We estimated PUFA intake by linking responses from the FFQ (i.e., grams per day for each line item) with nutrient values available in the U.S. Department of Agriculture databases for ω-3 and ω-6 PUFAs [48]. The following PUFAs were estimated: (1) ω-3 fatty acids, including alpha-linolenic acid (ALA), docosapentaenoic acid (DPA), docosahexaenoic acid (DHA), eicosapentaenoic acid (EPA); and (2) ω-6 fatty acids, including linoleic acid (LA) and arachidonic acid (AA). An estimate of total PUFA intake was calculated by combining all individual fatty acids. Additionally, an estimate of total ω-3 and ω-6 fatty acids was obtained by summing each individual fatty acid within category (e.g., total ω-3=ALA + DPA + DHA + EPA). We also examined fish/seafood intake according to the items recorded in the FFQ: (1) tuna, tuna salad, tuna casserole; (2) shell fish (shrimp, lobster, crab, oysters, etc.); and (3) other fish (either broiled/baked). Total fish intake was calculated by summing each of the fish/seafood items recorded in the FFQ.
Statistical analyses
All analyses were conducted using SAS version 9.2 (SAS Institute, Cary, NC). Unconditional logistic regression was used to estimate odds ratios (ORs) and 95% confidence intervals (95%CI) for the association between PUFA intake and breast cancer risk. PUFA and fish/seafood intake were categorized as quartiles, according to the distribution among controls. Quartiles were selected over other methods of categorization (e.g., tertiles, quintiles, linear, splines) because the shape of the dose-response between exposure and breast cancer incidence was best represented using these cut-points. The relation between any of the PUFA and/or fish and breast cancer incidence was not strictly monotonic [49] thus linear trend tests were not conducted.

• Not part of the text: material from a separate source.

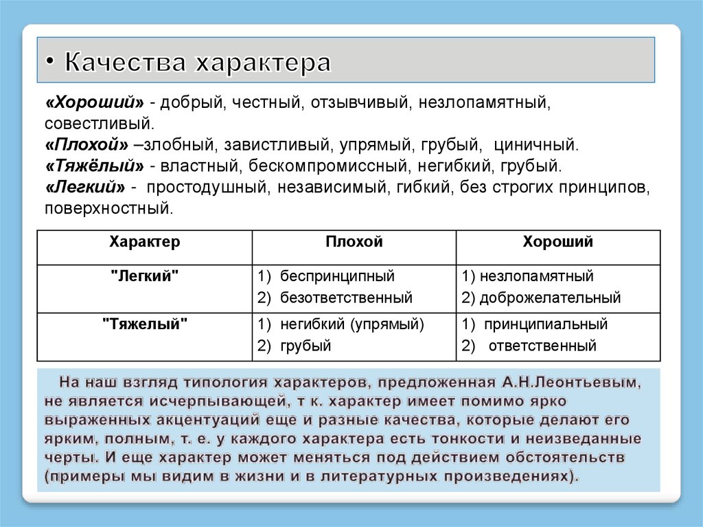 «Легкий» - простодушный, независимый, гибкий, без строгих принципов,

Interactions between total ω-3 and total ω-6 intake in association with breast cancer incidence were assessed on the additive (common referent) and multiplicative scales. Additive interaction was evaluated using relative excess risk due to interaction (RERI), with 95% CI [50]. Multiplicative interactions were evaluated by comparing nested models using the Likelihood Ratio Test (LRT) [49]. Total ω-3, total ω-6, and ω-3/ω-6 ratio were dichotomized at the median for use in the interaction models.
We also considered effect modification of the association between PUFA intake and breast cancer risk by: menopausal status (post- vs. pre-menopausal status); and dietary supplement use (yes/no). However, little or no heterogeneity was observed with either of these covariates (data not shown). We also considered potential heterogeneity across breast cancer subtypes, defined by hormone receptor status (any hormone receptor positive breast cancer vs. no hormone receptor positive breast cancer), by constructing polytomous regression models; however, no differences were observed across hormone receptor subtype (data not shown).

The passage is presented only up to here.